Japan’s economic boom and Japan FSA response
Japan’s economy was booming … but Japan’s regulations (especially its fund private placement and licensing regimes) were still under development compared with Western regulatory regimes. 

Japan FSA realised it had to act.  

The increased business activity by foreign fund managers wanting to conduct business in Japan and with Japan investors rose to a threshold level of capturing Japan FSA’s attention. 

During that time, our GSC Japan Counsel confirmed that Japan FSA proactively undertook a hiring spree for bilingual Japanese-English lawyers from leading, world-renowned US/UK law schools. It recruited these lawyers under lucrative employment contracts to relocate to Japan and work for Japan FSA.  

Similarly, Japan FSA started cracking down on breaches of its financial services regulations by foreign institutions. Several foreign financial institutions were found to be in breach of Japan’s securities and licensing regulatory regime and were expelled from the country.  

For example, the expulsion of Citigroup Private Bank from Japan in 2004 (and earlier 1999 sanctions against other Citi affiliates resulting in Citigroup affiliate franchise losses) was the most dramatic of a string of failures among foreign firms that have too often misread the attitudes of Japanese investors and regulators.   

Powerful investor segment: Japan’s pension funds 
According to a 2018 survey by a leading global consultant of foreign investment by pension funds around the world, Japanese retirement assets at that time totalled ¥182 trillion ($1.2 trillion), making Japan’s pension industry one of the largest pension fund markets in the world.  

Japan’s pension funds face several challenges, including servicing the world’s oldest population, low interest rates and sustainability issues. Its pension funds need to diversify its investments in alpha generating opportunities, as the timeline for Japan Pension Funds’ Projected Benefits Obligation (PBO), or the total amount that a pension fund expects to pay to meet its future pension obligations benefits to retirees, is increasingly shorter and shorter.  
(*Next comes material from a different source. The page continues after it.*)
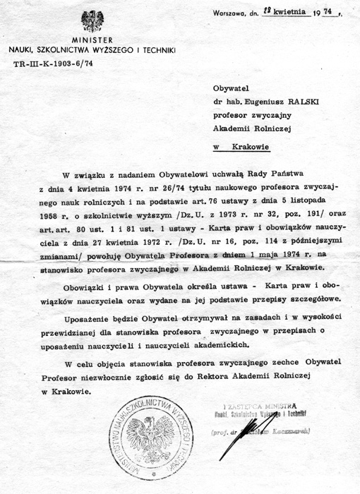 Nadanie tytułu profesorskiego Eugeniuszowi Ralskiemu.

Japan’s government cannot afford to not protect its valued pension funds.  
 


Limited partnerships: “light touch” regulation in Japan  
Broadly speaking, in Japan, the structure of a fund manager’s fund determines which set of Japan regulatory regime applies:  

Japan’s “Investment Funds Law” (IFL) applies to funds in the form of corporates and trusts and Japan’s “New Act” applies to funds structured in the form of limited partnerships (LPs). The new act came into force in Japan in March 2016. 

One of the investment vehicle options offered to Japanese investors, including pension funds, is structured in the form of a limited partnership managed by a general partner (GP).  

LP regulation in Japan before 2016
Before March 2016, LPs were subject to “light touch” regulations in Japan, so AIFMs (GPs) enjoyed a period of relative ease of regulatory requirements for fundraising from Japanese investors, including from Japan’s pension funds. During the “light touch” days, all the GP had to do was file a simple Form 20 and it could conduct business with certain types of investors in Japan. Easy.  

It's almost like watching a train wreck in slow motion: “Light touch regulation” when there are trillions of dollars in investor funds to invest outside Japan translates into a lucrative environment for fraudsters to strike. Then scandal hit. 

Scandal in Japan: Japanese Ponzi scheme
Several years before 2016, there was a financial scandal whereby a Japanese National created a Ponzi scheme, with operations offshore (outside Japan). It had a “brass plate” office in an offshore domicile. The manager of this scheme was referred to by market observers as “the Japanese Bernie Madoff.”

Some significant Japanese pension funds invested in the “Japanese Ponzi scheme,” which was structured (some say, intentionally) as a limited partnership so that the scheme could take advantage of Japan’s “light touch regulations” for LPs. Major Japanese pension funds lost significant amounts of money in the Ponzi Scheme.
 
Japan’s pension funds, which represent a serious global investor segment, are among the world’s largest pools of investable assets, with very short PBO pay-out timeframes. There is no time for getting it wrong. 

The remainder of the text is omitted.